Rochelle Bagatell, MD: When a child is initially diagnosed, CHOP has a great deal to offer. We can appreciate the diagnosis and draw up an appropriate treatment plan in a very short time period. We have a very active developmental therapeutics team and often will have access to the newest therapies that other practitioners may have thought of and considered but might just not have the access to.

Anne Reilly, MD: We have specialists in each area of disease, and we'd like our children who come for second opinions to see one of our experts in the disease that that child has so that the opinion they get the thoughtful and rapid and of the best quality possible. We can partner with the primary oncologist in helping the family make sure that the therapy that the child's getting is in fact the best thing for them and, if there are any options for the future, what those might be.

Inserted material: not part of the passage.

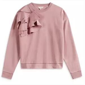 Ted Baker Pink Ruffled Crewneck Sweatshirt Sz 2
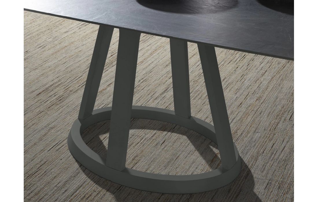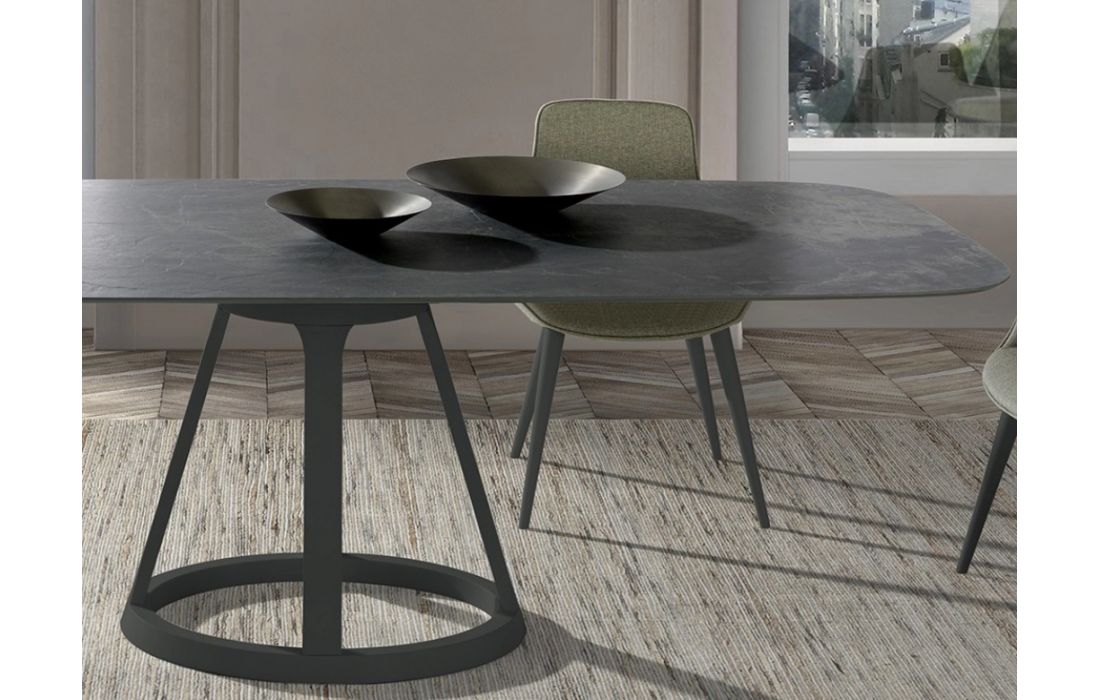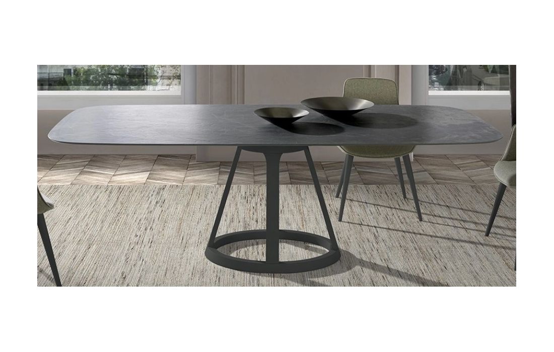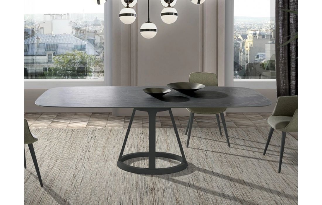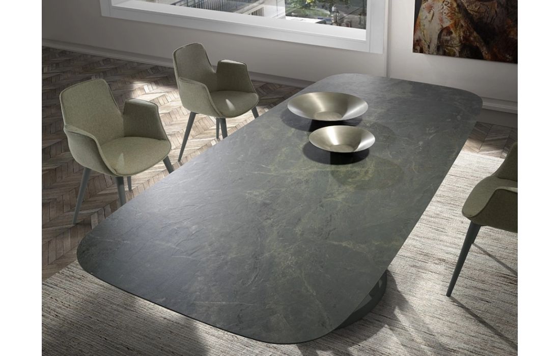 Mesa de jantar com tampo de cerâmica e pés em madeira maciça

Frank M. Balis, MD: Those with more complex diseases or more rare cancers, I think, are well served by referral here because of the large experience here. Even for the most rare pediatric cancers, there tends to be at least somebody here who's seen a number of cases that is able to make some informed and experienced treatment recommendations for those patients.

John M. Maris, MD: It's an important point to make that the referring physician remains the center of the treatment team. We are a consultative service. We respect the long history that the referring physicians often have with their patients and their families. And that's made clear to the families when they arrive here at CHOP, that we're here to help, not to supplant.

Erin Chance, Parent: It's not about egos. It's not about who's higher on the totem pole. It's about working together as a team. That's the emphasis. And the kids are always the emphasis. This is how it's supposed to work.